*Data provided:*
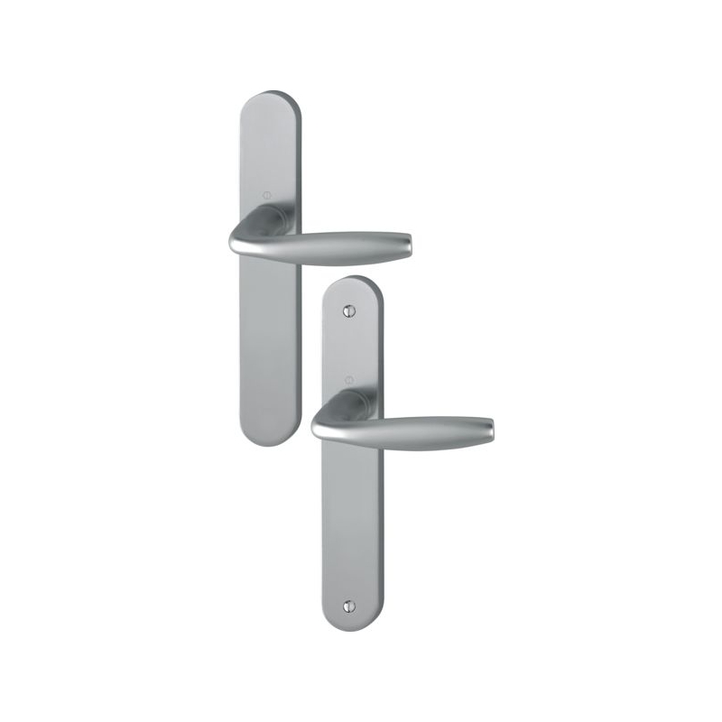 Pour porte intérieure dépaisseur de 38 à 47 mm. Carré à montage rapide garantissant un montage simple, sans jeu, sans outil et durable. Plaque : 190 x 41 mm (pour entraxe 165 mm) et 234 x 39 mm (pour entraxe 195 mm) Entraxe de serrure : 70 mm Fouillot carré : 7 mm Longueur béquille : 127 mm Saillie de la béquille : 56 mm Finition : aluminium aspect inox Conditionnement : boîte
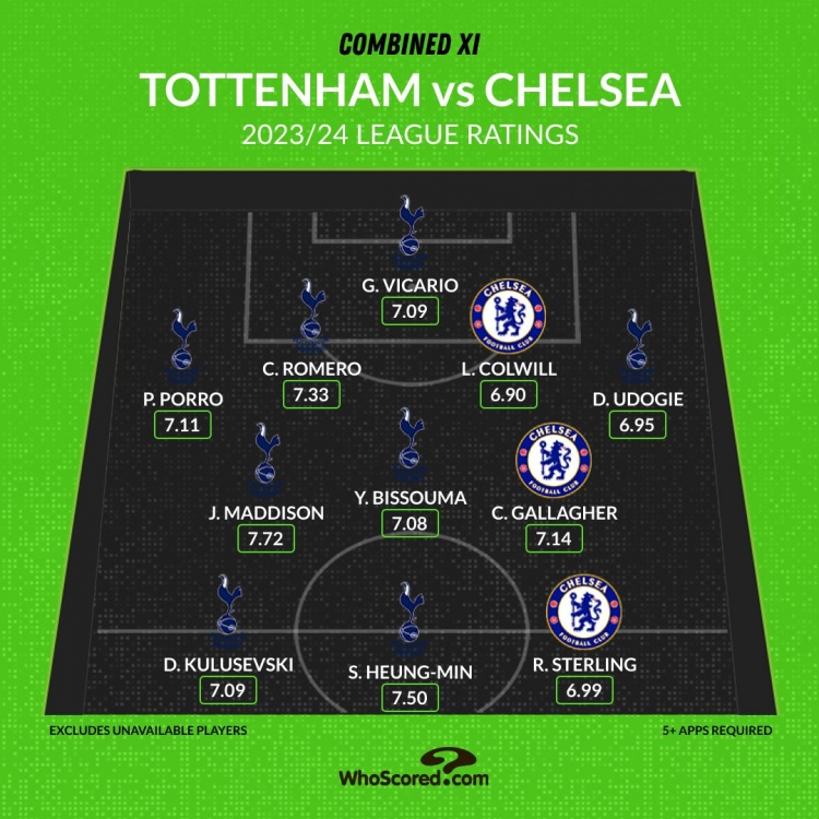 直播吧11月6日讯 北京时间明天凌晨,热刺将在英超第11轮比赛中主场对阵切尔西,WhoScored根据球员本赛季的评分列出了两队合体最佳阵容,切尔西仅3名球员入选。
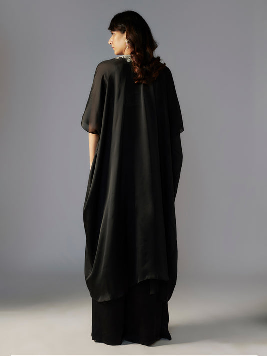 Black Embroidered Crepe Satin Sharara Set with Cape
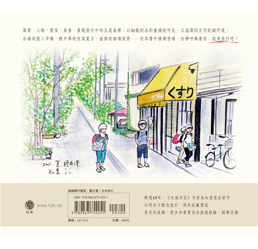 本書特色:※風景、人物、商家、美食四大主題,超過70幅精美水彩作品重現旅行中的五感美學。
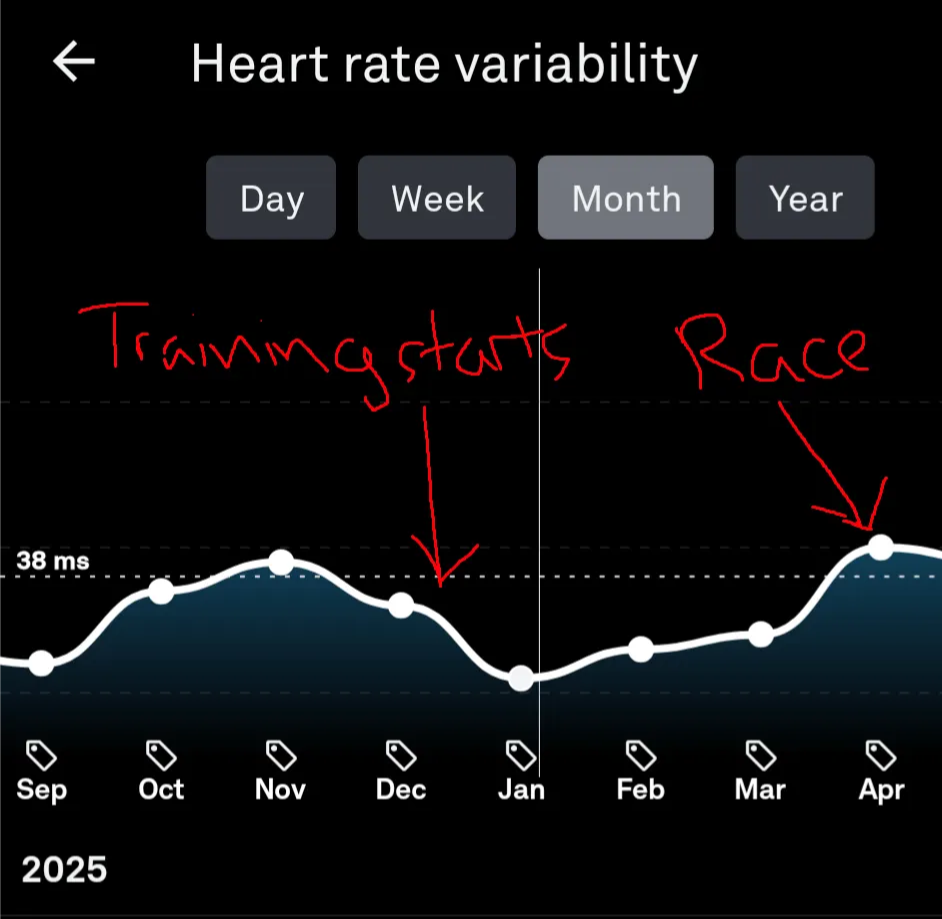 The month I trained too hard for my Half-Marathon was also the month with my lowest HRV in 2025.
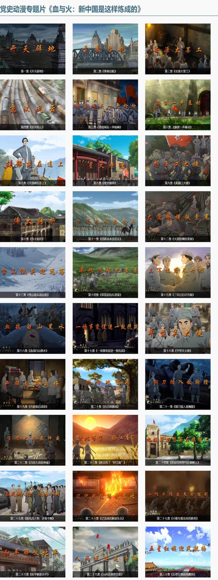 该片聚焦从中国共产党成立到新中国成立28年的革命奋斗史,首次以动漫方式展现,共30集,每集3分钟左右,通过清新简洁、精美流畅的画面再现历史细节,生动讲述《开天辟地》《南昌城头一声枪响》《星火燎原》《四渡赤水出奇兵》等党史故事。
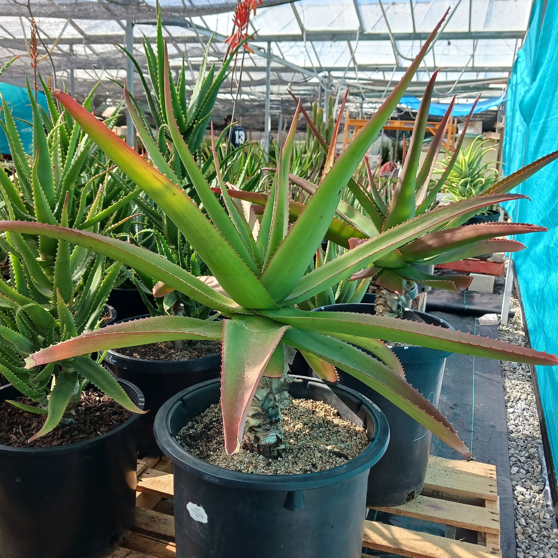 Aloe vaombe is a magnificent succulent tree that can grow up to 12 feet tall or more, with solitary rosettes of cupped-shaped leaves up to 5 feet across. These leaves are greyish-green in color, edged with white serrated 'teeth', and take on a beautiful red hue during winter. The showy, fiery red flowers sprout from erect, branched racemes in mid winter. This stunning Madagascan native is highly drought-tolerant, and does well in most climates and soils. Plant Aloe vaombe in full sun, and water sparingly once established; however, frequent irrigation encourages faster growth. In hot, inland areas, filtered light is beneficial. It can endure temperatures as low as 30F, but severe damage may be sustained below 26F.

*Task details:* The whole listing above is to be repeated exactly, apart from its pictures.

*Worked solution:*
 Pour porte intérieure dépaisseur de 38 à 47 mm. Carré à montage rapide garantissant un montage simple, sans jeu, sans outil et durable. Plaque : 190 x 41 mm (pour entraxe 165 mm) et 234 x 39 mm (pour entraxe 195 mm) Entraxe de serrure : 70 mm Fouillot carré : 7 mm Longueur béquille : 127 mm Saillie de la béquille : 56 mm Finition : aluminium aspect inox Conditionnement : boîte
 直播吧11月6日讯 北京时间明天凌晨,热刺将在英超第11轮比赛中主场对阵切尔西,WhoScored根据球员本赛季的评分列出了两队合体最佳阵容,切尔西仅3名球员入选。
 Black Embroidered Crepe Satin Sharara Set with Cape
 本書特色:※風景、人物、商家、美食四大主題,超過70幅精美水彩作品重現旅行中的五感美學。
 The month I trained too hard for my Half-Marathon was also the month with my lowest HRV in 2025.
 该片聚焦从中国共产党成立到新中国成立28年的革命奋斗史,首次以动漫方式展现,共30集,每集3分钟左右,通过清新简洁、精美流畅的画面再现历史细节,生动讲述《开天辟地》《南昌城头一声枪响》《星火燎原》《四渡赤水出奇兵》等党史故事。
 Aloe vaombe is a magnificent succulent tree that can grow up to 12 feet tall or more, with solitary rosettes of cupped-shaped leaves up to 5 feet across. These leaves are greyish-green in color, edged with white serrated 'teeth', and take on a beautiful red hue during winter. The showy, fiery red flowers sprout from erect, branched racemes in mid winter. This stunning Madagascan native is highly drought-tolerant, and does well in most climates and soils. Plant Aloe vaombe in full sun, and water sparingly once established; however, frequent irrigation encourages faster growth. In hot, inland areas, filtered light is beneficial. It can endure temperatures as low as 30F, but severe damage may be sustained below 26F.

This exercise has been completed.